**Work to complete:**
Copy the data below exactly, but not the pictures it contains.

**Information provided:**
++++

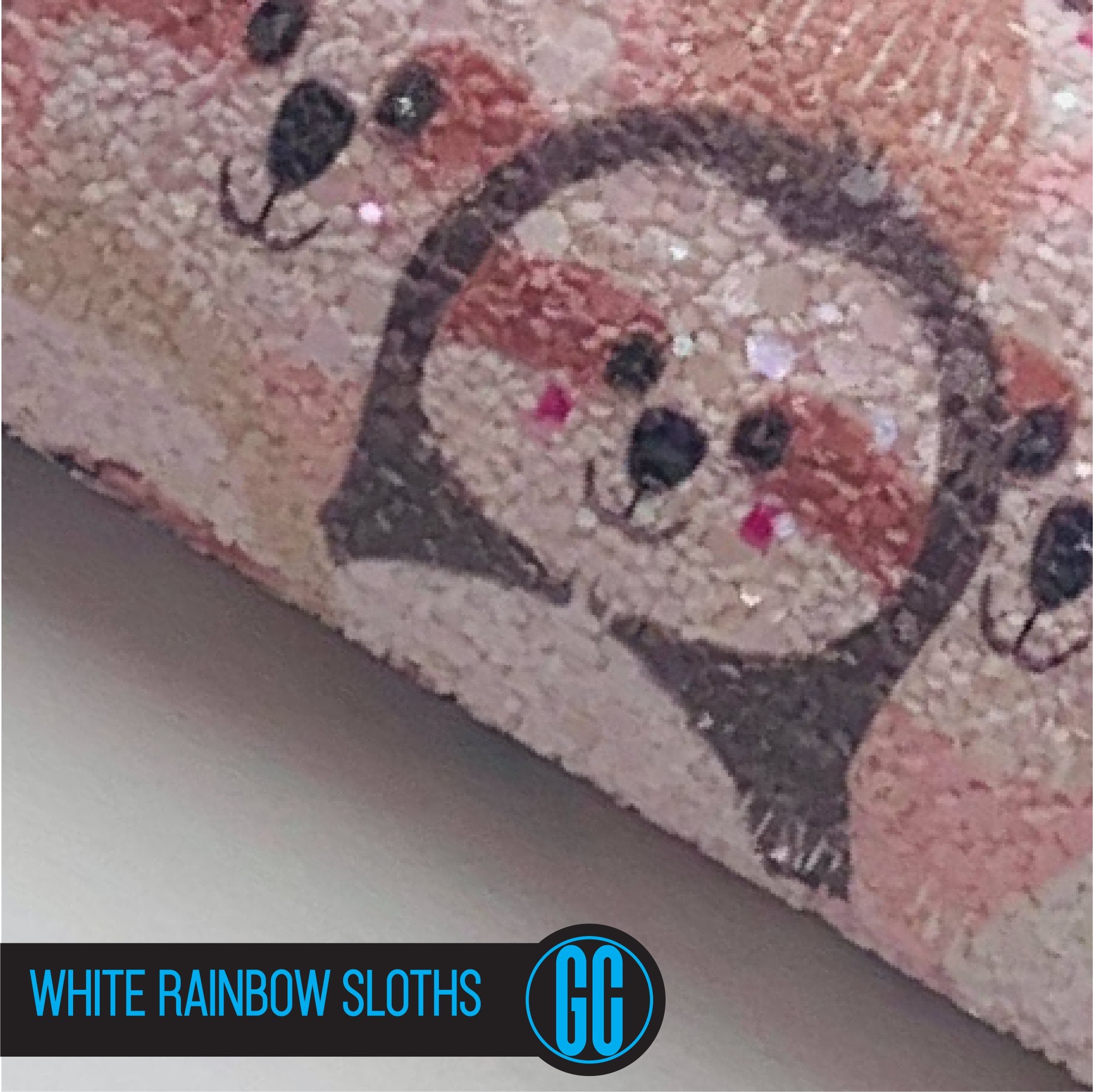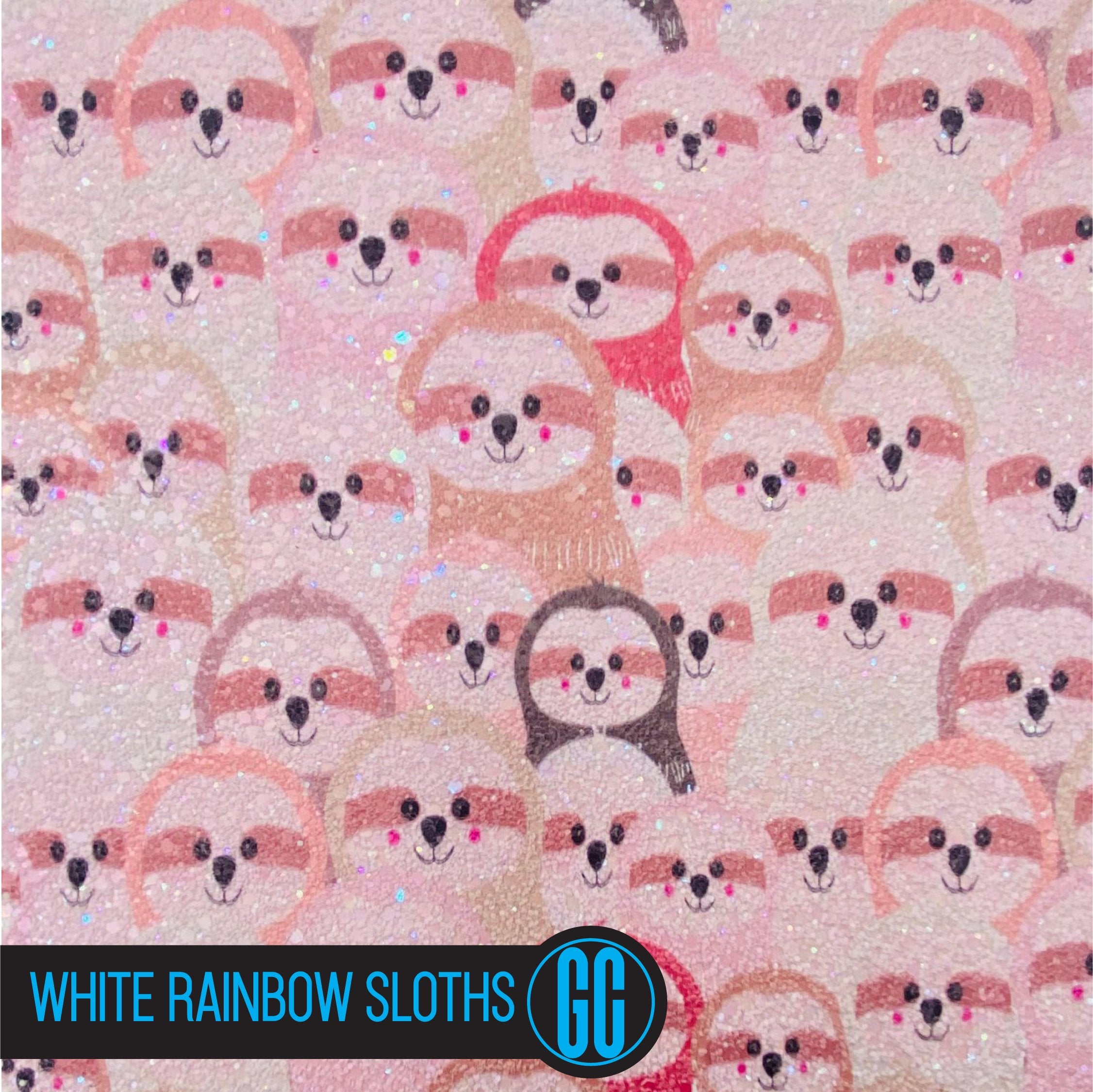 BLACK FRIDAY - A4 Size White Rainbow Sloths Glitter Fabric
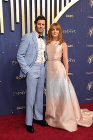 77th Primetime Emmy Awards - Red Carpet LOS ANGELES, CALIFORNIA - SEPTEMBER 14: (L-R) Kayla Radomski and Jason Segel attend the 77th Primetime Emmy Awards at Peacock Theater on September 14, 2025 in Los Angeles, California. (Photo by Amy Sussman/Getty Images) (Amy Sussman/Getty Images)
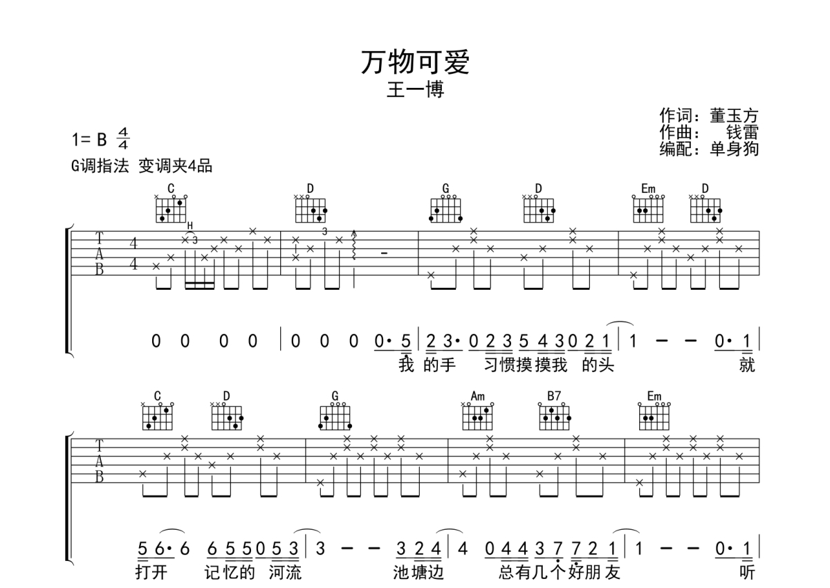 • 万物可爱吉他谱 - 王一博 - G调吉他弹唱谱第1张

++++

**Task output:**
 BLACK FRIDAY - A4 Size White Rainbow Sloths Glitter Fabric
 77th Primetime Emmy Awards - Red Carpet LOS ANGELES, CALIFORNIA - SEPTEMBER 14: (L-R) Kayla Radomski and Jason Segel attend the 77th Primetime Emmy Awards at Peacock Theater on September 14, 2025 in Los Angeles, California. (Photo by Amy Sussman/Getty Images) (Amy Sussman/Getty Images)
 • 万物可爱吉他谱 - 王一博 - G调吉他弹唱谱第1张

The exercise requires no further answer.